(Items listed in a dataset)
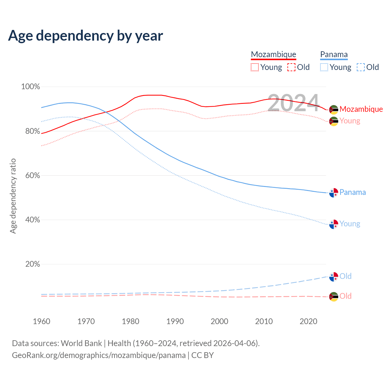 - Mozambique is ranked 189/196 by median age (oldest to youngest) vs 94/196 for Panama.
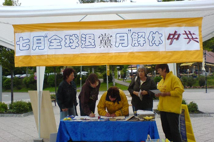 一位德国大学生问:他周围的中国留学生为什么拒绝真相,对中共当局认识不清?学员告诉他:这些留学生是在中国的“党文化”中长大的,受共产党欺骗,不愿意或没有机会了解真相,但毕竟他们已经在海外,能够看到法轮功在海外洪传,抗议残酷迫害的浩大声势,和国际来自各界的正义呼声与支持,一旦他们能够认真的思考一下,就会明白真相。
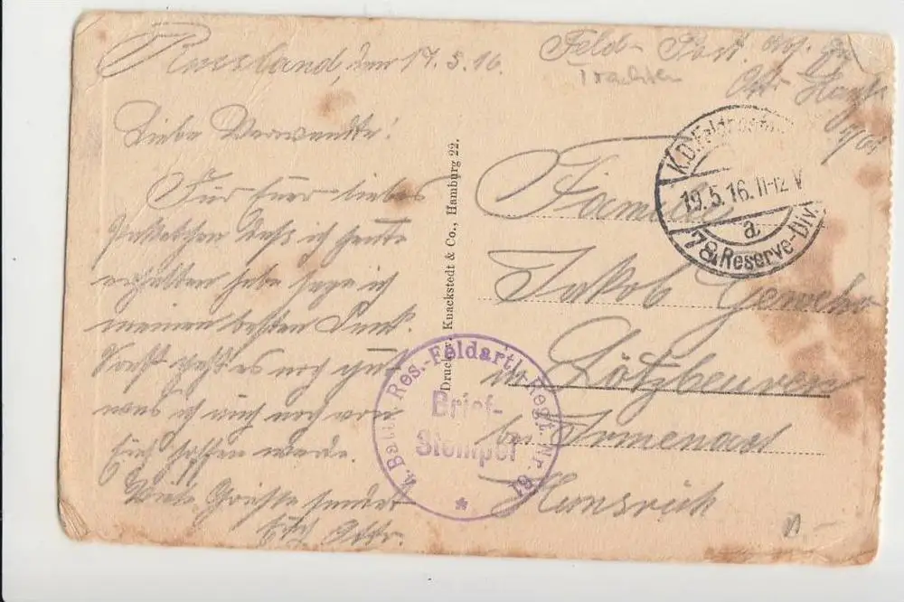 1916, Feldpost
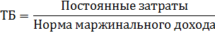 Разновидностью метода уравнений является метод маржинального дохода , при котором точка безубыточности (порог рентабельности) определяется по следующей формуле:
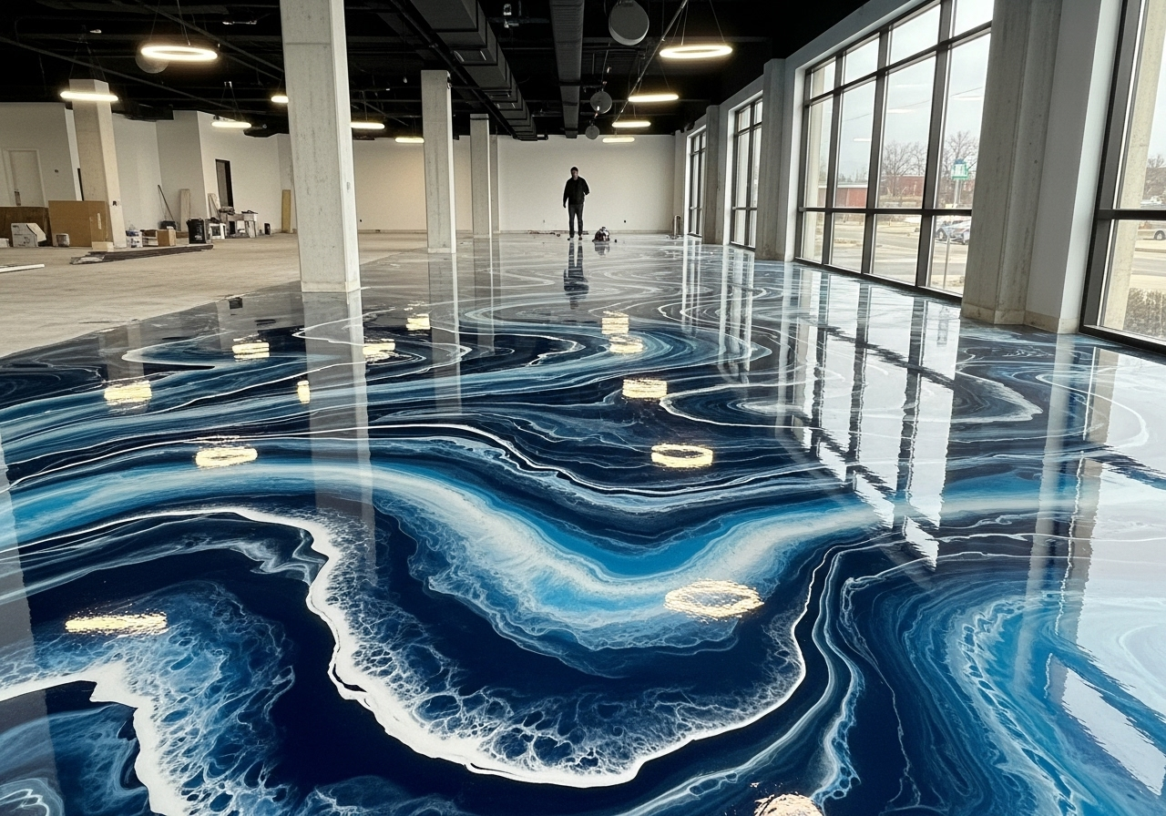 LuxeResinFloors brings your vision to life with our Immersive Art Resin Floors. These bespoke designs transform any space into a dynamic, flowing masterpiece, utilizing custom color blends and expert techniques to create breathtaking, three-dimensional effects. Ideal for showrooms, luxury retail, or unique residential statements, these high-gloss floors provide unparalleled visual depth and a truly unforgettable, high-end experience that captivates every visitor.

- _What is expected_:
An exact copy of the lines above, from the first through the line that holds "1916, Feldpost", is what is needed; leave the pictures out.

- _Task response_:
 - Mozambique is ranked 189/196 by median age (oldest to youngest) vs 94/196 for Panama.
 一位德国大学生问:他周围的中国留学生为什么拒绝真相,对中共当局认识不清?学员告诉他:这些留学生是在中国的“党文化”中长大的,受共产党欺骗,不愿意或没有机会了解真相,但毕竟他们已经在海外,能够看到法轮功在海外洪传,抗议残酷迫害的浩大声势,和国际来自各界的正义呼声与支持,一旦他们能够认真的思考一下,就会明白真相。
 1916, Feldpost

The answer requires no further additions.